Avoiding the all-or-nothing approach
In 2015, Liz Bradley of Montana Fish, Wildlife and Parks led an analysis that found killing wolves does reduce livestock damage. It's now widely cited by wildlife managers.
That paper’s findings do not wholly endorse what Oregon and Washington are doing when they kill only one or two wolves at a time.
“There wasn’t very much gained by such a small partial pack removal. You gain about two months,” Bradley said.
The study concluded killing one or two wolves from a pack meant an average of about two months until the next wolf kill. With no action taken, that time between wolf attacks was a little less than a month. That’s a marginal difference compared to eliminating the full wolf pack, which resulted in an average of about two years until the next wolf attack. Ranchers like Todd Nash say this is a good reason to favor full pack removal.
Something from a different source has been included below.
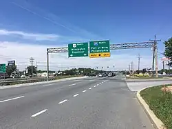Construction on an interchange with the Delaware Memorial Bridge approach at Farnhurst began on July 12, 1950.[61] On August 16, 1951, the Delaware Memorial Bridge opened to traffic.[62] US 40 was rerouted to use the new Delaware Memorial Bridge to cross the Delaware River, being realigned to follow US 13 north from Hares Corner to Farnhurst.[51] Upgrades to the Farnhurst interchange were finished in July 1961 that provided a connection to the Delaware Turnpike (I-95) that opened on November 14, 1963.[63] In 1954, there were plans to replace the intersection with DE 41/DE 141 in Basin Corner with a modified cloverleaf interchange in an effort to reduce traffic congestion.[53] Construction on the interchange began in September of that year.[54] The interchange between US 13/US 40/US 202 and DE 41/DE 141 was completed in 1956.[56][57] Plans were made to widen the Philadelphia Pike to a four-lane road between Bellevue Road and Claymont in 1954.[53] The widening project was completed in 1956.[56]
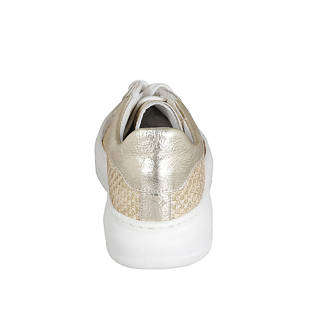 Woman's laced shoe with removable insole in platinum laminated leather and braided fabric wedge heel 4

Bradley acknowledged removing a full wolf pack isn’t always an option. But if you’re going to kill only one or two members of the pack, she found, it has to be within a week to be most effective. Bradley said her study wasn’t intended to endorse or condemn killing wolves but rather to offer guidance on how to be most effective.
Exactly why, she doesn’t know. But she suspects it increases the likelihood of shooting the culprit wolf.
Washington officials say they aim to respond within two weeks after a depredation. Oregon's last two state-sanctioned wolf killings were carried out 10 days and 19 days, respectively, after a depredation.
These wolf attacks on livestock often happen in remote areas and go undiscovered for stretches of time. Responding within a week might not always be an option.
“If you don’t do it within the first week or two weeks, then you probably shouldn’t bother,” Bradley said. “After that, we found there was no difference.”
ODFW’s Broman said Oregon is testing out unproven methods like incremental pack killing because it doesn’t want an all-or-nothing approach.
“We’re seeing if it works. It’s still a test to see what we’re looking for,” Broman said. “If you went exclusively by Bradley, you’d either do nothing or full pack removal. Full pack removal is very difficult.”
The problem with non-lethal, and finding a better way
Wolf advocates have pushed non-lethal alternatives to killing wolves to reduce livestock depredations. They advocate techniques like hazing wolves, fencing off cattle or using guard dogs. But there’s also a lack of evidence on those. And they’re also expensive and time consuming for ranchers.
A recent study done in Idaho by the U.S. Department of Agriculture and Defenders of Wildlife yielded promising results for non-lethal techniques. Over seven years, researchers found the rate of sheep losses due to wolves was 3.5 times lower in an area where they used only non-lethal techniques, compared to an area open to lethal control. That was in rugged, remote pastures where non-lethal techniques were used.
That was a designed study with funding from conservation groups, the federal government and private donors. The study included field technicians who could help pen sheep at night and employ other wolf deterrents. The study’s author, Suzanne Stone of Defenders of Wildlife, said those non-lethal methods cost less money than Wildlife Services spent on killing wolves in nearby pastures. And those same methods are being used as part of a non-lethal program covering 10,000 sheep grazing across an area of nearly 1,000 square miles.
Most ranchers don’t have the time or manpower to do what that study did, said Julie Young, a researcher for the government's Wildlife Services.
Young has been working on how to adapt non-lethal practices for widespread adoption.
“Maybe there’s a happy medium,” she said. “We’re going to do these things, but we actually want to measure it as we’re doing it, so we can know if this program we’re investing time or money or resources in is cost-effective or effective at all.”
She said programs like lethal control and compensation for non-lethal measures, including the ones used in Oregon and Washington, are ripe for study.
“We need better data," Young said. "Otherwise we’re going to also lose trust, if we just start pushing tools on people and they don’t work.”